- **GIVEN DATA**:
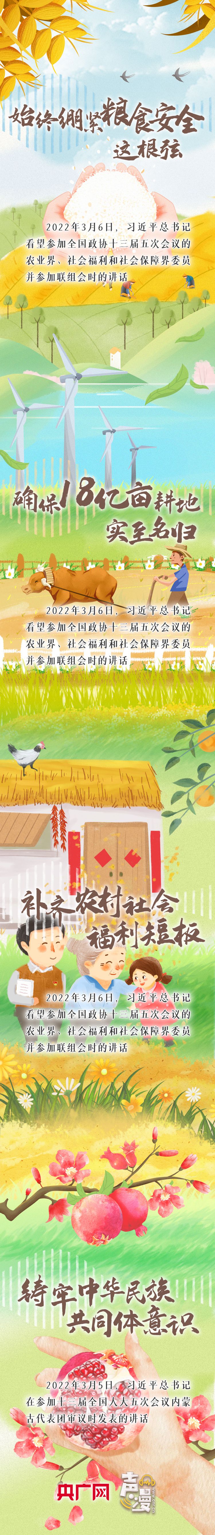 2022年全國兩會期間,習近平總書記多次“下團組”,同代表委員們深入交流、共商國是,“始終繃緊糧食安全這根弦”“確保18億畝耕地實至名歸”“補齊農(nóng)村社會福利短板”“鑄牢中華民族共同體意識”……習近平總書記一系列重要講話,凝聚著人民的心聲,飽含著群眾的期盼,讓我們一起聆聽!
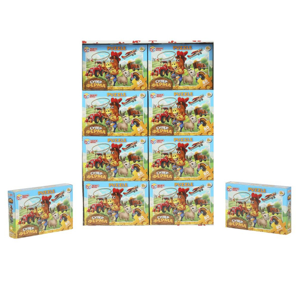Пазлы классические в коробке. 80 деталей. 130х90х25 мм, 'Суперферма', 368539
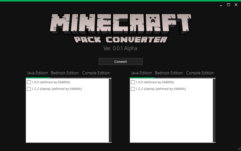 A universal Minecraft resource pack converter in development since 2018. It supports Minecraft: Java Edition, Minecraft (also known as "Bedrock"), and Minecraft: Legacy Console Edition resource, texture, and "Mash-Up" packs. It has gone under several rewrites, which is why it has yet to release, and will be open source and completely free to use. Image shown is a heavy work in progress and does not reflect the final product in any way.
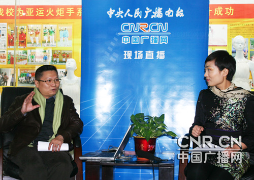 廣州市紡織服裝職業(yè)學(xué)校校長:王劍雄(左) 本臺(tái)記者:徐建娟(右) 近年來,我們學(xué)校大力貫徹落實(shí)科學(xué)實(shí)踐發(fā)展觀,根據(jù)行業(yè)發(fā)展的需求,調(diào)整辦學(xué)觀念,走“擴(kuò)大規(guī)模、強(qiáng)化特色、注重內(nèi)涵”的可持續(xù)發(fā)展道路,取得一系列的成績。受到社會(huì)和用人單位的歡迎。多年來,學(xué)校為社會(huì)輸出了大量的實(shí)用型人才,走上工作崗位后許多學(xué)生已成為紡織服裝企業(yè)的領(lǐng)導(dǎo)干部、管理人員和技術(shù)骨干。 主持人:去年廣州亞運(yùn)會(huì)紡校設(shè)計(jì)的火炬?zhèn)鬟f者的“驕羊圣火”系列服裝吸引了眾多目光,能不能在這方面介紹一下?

--

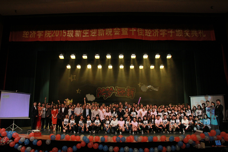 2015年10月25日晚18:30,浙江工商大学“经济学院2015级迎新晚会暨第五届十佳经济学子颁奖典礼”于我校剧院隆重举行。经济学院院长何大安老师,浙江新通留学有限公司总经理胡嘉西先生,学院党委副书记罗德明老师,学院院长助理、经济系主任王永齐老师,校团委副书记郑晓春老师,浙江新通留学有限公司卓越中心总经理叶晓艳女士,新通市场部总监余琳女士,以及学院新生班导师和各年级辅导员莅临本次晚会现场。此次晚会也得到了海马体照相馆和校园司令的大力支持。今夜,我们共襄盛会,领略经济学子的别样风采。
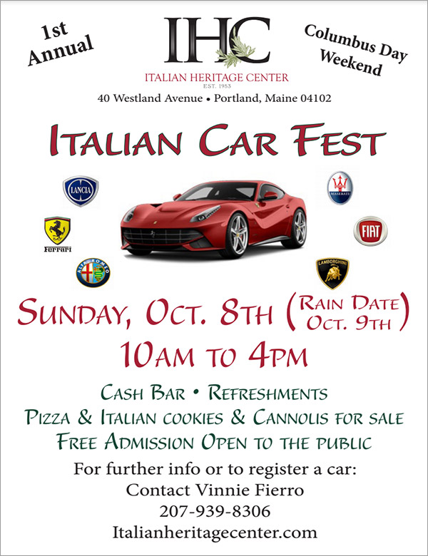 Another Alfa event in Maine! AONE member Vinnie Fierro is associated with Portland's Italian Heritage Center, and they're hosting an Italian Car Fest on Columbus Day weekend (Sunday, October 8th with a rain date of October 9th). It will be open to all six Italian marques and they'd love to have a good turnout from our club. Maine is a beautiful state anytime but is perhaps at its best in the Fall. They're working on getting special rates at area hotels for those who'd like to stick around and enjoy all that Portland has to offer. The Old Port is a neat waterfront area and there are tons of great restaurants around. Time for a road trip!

- **WHAT THE TASK REQUIRES**: Look above for the line with "2022年全國兩會期間,習近" and the line with "A universal Minecraft", then copy exactly the lines from the first through the second, both kept, with no pictures.

- **EXERCISE ANSWER**:
 2022年全國兩會期間,習近平總書記多次“下團組”,同代表委員們深入交流、共商國是,“始終繃緊糧食安全這根弦”“確保18億畝耕地實至名歸”“補齊農(nóng)村社會福利短板”“鑄牢中華民族共同體意識”……習近平總書記一系列重要講話,凝聚著人民的心聲,飽含著群眾的期盼,讓我們一起聆聽!
Пазлы классические в коробке. 80 деталей. 130х90х25 мм, 'Суперферма', 368539
 A universal Minecraft resource pack converter in development since 2018. It supports Minecraft: Java Edition, Minecraft (also known as "Bedrock"), and Minecraft: Legacy Console Edition resource, texture, and "Mash-Up" packs. It has gone under several rewrites, which is why it has yet to release, and will be open source and completely free to use. Image shown is a heavy work in progress and does not reflect the final product in any way.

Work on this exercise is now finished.